Don't set up a cron job to start services. Cron is designed for recurring events. You want this to happen once, and be triggered by the server boot event, not every n minutes. –  Tom O'Connor Nov 15 '10 at 14:00
    
Also, I just ran "chkconfig --level 2345 memcached on" but I didnt get any respond from it which is unusual...? Is there any way to check that the command did even work?? –  Peter Johansson Nov 15 '10 at 14:00
1  
chkconfig --list memcached will show you if it worked. If you don't have an /etc/init.d/memcached file, this won't get the job done. –  Aaron Brown Nov 15 '10 at 14:03
    
memcached 0:off 1:off 2:on 3:on 4:on 5:on 6:off –  Peter Johansson Nov 15 '10 at 14:05

A few options...First, cron is not the place for this.

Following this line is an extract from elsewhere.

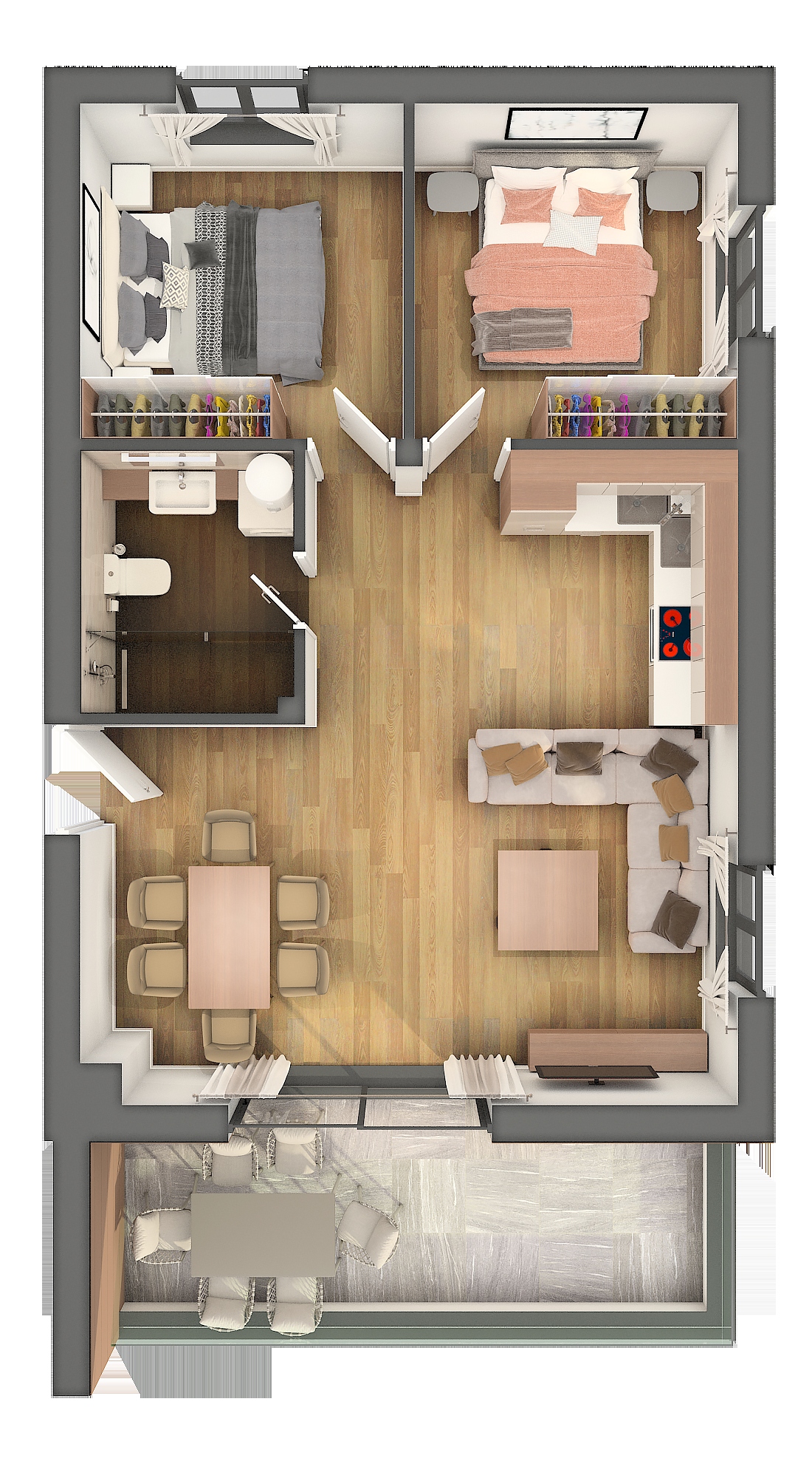 The apartment consists of: two bedrooms, living room + kitchen + dining area, bathroom, and covered terrace.

If you have installed memcached from source (which there is little reason to do unless you have some very specific need), you can either:

  1. Add the memcached start command (it would look something like "/usr/local/bin/memcached -d -p 11211 -u nobody -m 1024") to /etc/rc.local
  2. write or find an /etc/init.d/memcached somewhere on the interwebs, drop it in/etc/init.d, and call:
chkconfig --add memcached
chkconfig memcached on
  1. Install monit and configure monit to monitor and control the memcached service.

In my opinion, the best and simplest option is to install the memcached package from the EPEL repository with yum, in which case, you run the chkconfig command above to enable it at start up. With the EPEL packages, you will edit /etc/sysconfig/memcached to control the memcached bucket settings instead of calling the memcached binary with parameters directly.

Good luck.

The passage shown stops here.